1, Foreword

                  . First, we will follow the previous task_struct explains task space management structure mm_struct, and a brief introduction to the physical memory and virtual memory related knowledge, about the detailed basic knowledge and concepts can refer to the book CSAPP, here will not do too much elaboration, but default in the understanding of its mapping relationship on the basis of learning. In the following article, we will continue to introduce the management of physical memory and memory mapping in user state and kernel state.

2, Basic concepts

  • The architecture of CPU, cache, memory and main memory is that the faster the device is, the more expensive it is. Therefore, in order to save money, a multi-layer architecture is designed. MMU is included in the CPU
  • Because of the limited physical memory and the security problem of multi process sharing physical memory, the design of virtual memory appears
  • Virtual memory is designed according to the structure of ELF, including heap, mapping area, stack, data segment and so on
  • Considering the structure of virtual memory, there is a heap application called dynamic memory
  • Virtual memory allocates a separate address space for each process, which is mapped to physical memory for execution, so there is a mapping method of physical memory and virtual memory: page
  • In order to manage virtual memory, there are page tables and multi-level page tables
  • To speed up the mapping, TLB in the CPU appears
  • In order to meet the needs of sharing, there are shared memory in memory mapping
  • Because of the existence of memory fragmentation, the design of fragment management and garbage collector appear

3, Process memory management


User status includes

  • Code snippet
  • global variable
  • Constant string
  • Function stack, including function call, local variable, function parameter, etc
  • Heap: malloc allocated memory, etc
  • Memory mapping, such as the call of glibc, the code of glibc exists in the form of so file and also needs to be put in memory.

Kernel state includes

  • Code of kernel part
  • Global variables in kernel
  • task_struct
  • Kernel stack
  • There is also dynamically allocated memory in the kernel
  • Mapping table from virtual address to physical address

                 _ Struct management, while task_ There are the following member variables about memory in struct

	struct mm_struct		*mm;
	struct mm_struct		*active_mm;
	/* Per-thread vma caching: */
	struct vmacache			vmacache;

   mm_struct structure is also more complex. We will introduce it step by step. First let's look at the address division of kernel state and user state. This is the highest_vm_end stores the maximum address of the current virtual memory address, while task_size is the size of user status.

struct mm_struct {
	unsigned long task_size;	/* size of task vm space */
	unsigned long highest_vm_end;	/* highest vma end address */

  task_size is defined as follows.

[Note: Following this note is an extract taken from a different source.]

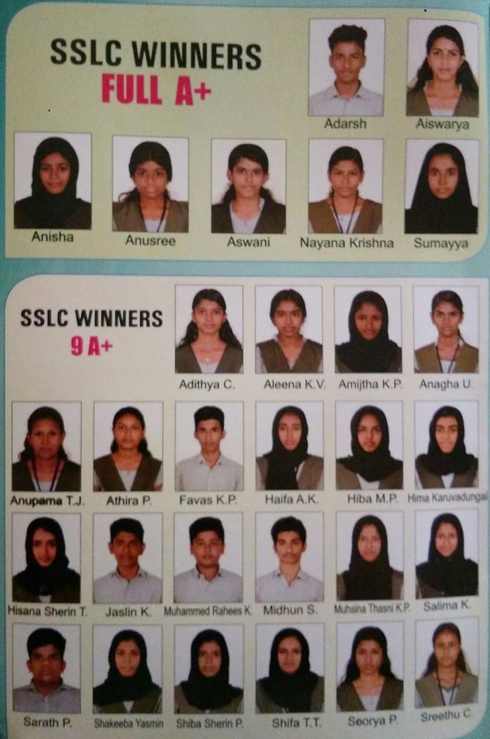 2017-18 വർഷം നടന്ന എസ്.എസ്.എൽ.സി പരീക്ഷയിൽ 99.7% വിജയം - എല്ലാ വിഷയത്തിനും A+ - 2 2, 9 A+ - 17 കുട്ടികൾ

It can be seen from the notes that the user state allocates 3G space in 4G virtual memory, while the 64 bit space is huge, so the free area is reserved between the kernel state and the user state for isolation. The user state only uses 47 bits, i.e. 128TB. The kernel state also allocates 128TB, which is at the highest level.

#ifdef CONFIG_X86_32
 * User space process size: 3GB (default).
        default 0xC0000000
        depends on X86_32
 * User space process size. 47bits minus one guard page.
#define TASK_SIZE_MAX  ((1UL << 47) - PAGE_SIZE)
#define TASK_SIZE    (test_thread_flag(TIF_ADDR32) ? \

3.1 user memory structure

   in user status, mm_struct has the following member variables

  • mmap_base: starting address of memory map
  • mmap_legacy_base: represents the base address of the map, which is a fixed task in 32 bits_ UNMAPPED_ Base, while in 64 bit, there is a random mapping mechanism of virtual address, so it is TASK_UNMAPPED_BASE + mmap_rnd()
  • hiwater_rss: RSS High water level usage of
  • hiwater_vm: high water virtual memory usage
  • total_vm: total number of pages mapped
  • locked_vm: number of locked pages that cannot be swapped out
  • pinned_vm: pages that cannot be swapped out or moved
  • data_vm: number of pages to store data
  • exec_vm: number of pages of executable
  • stack_vm: number of pages in the stack
  • arg_lock: introduce spin_lock is used to protect parallel access to the following area variables
  • start_code and end_code: start and end of executable code
  • start_data and end_data: start and end positions of initialized data
  • start_brk: start of heap
  • brk: the current end of the heap
  • start_stack: the starting position and ending position of the stack are in the top pointer of the register
  • arg_start and arg_end: the location of the parameter list, at the highest address in the stack.
  • env_start and env_end: the location of the environment variable, at the highest address in the stack.
struct mm_struct {
	unsigned long mmap_base;	/* base of mmap area */
	unsigned long mmap_legacy_base;	/* base of mmap area in bottom-up allocations */    
	unsigned long hiwater_rss; /* High-watermark of RSS usage */
	unsigned long hiwater_vm;  /* High-water virtual memory usage */
	unsigned long total_vm;	   /* Total pages mapped */
	unsigned long locked_vm;   /* Pages that have PG_mlocked set */
	atomic64_t    pinned_vm;   /* Refcount permanently increased */
	unsigned long data_vm;	   /* VM_WRITE & ~VM_SHARED & ~VM_STACK */
	unsigned long exec_vm;	   /* VM_EXEC & ~VM_WRITE & ~VM_STACK */
	unsigned long stack_vm;	   /* VM_STACK */    
	spinlock_t arg_lock; /* protect the below fields */
	unsigned long start_code, end_code, start_data, end_data;
	unsigned long start_brk, brk, start_stack;
	unsigned long arg_start, arg_end, env_start, env_end;
	unsigned long saved_auxv[AT_VECTOR_SIZE]; /* for /proc/PID/auxv */    

   according to these member variables, we can plan the location of each part in the user state, but we also need a structure to describe the attributes of these areas, that is, vm_area_struct

struct mm_struct {
	struct vm_area_struct *mmap;		/* list of VMAs */
	struct rb_root mm_rb;  

  vm_ area_ The specific structure of struct is defined as follows, actually through vm_next and vm_prev is a bi-directional linked list composed of a series of VMS_ area_ Struct is used to express the content of each area allocated by a process in user state.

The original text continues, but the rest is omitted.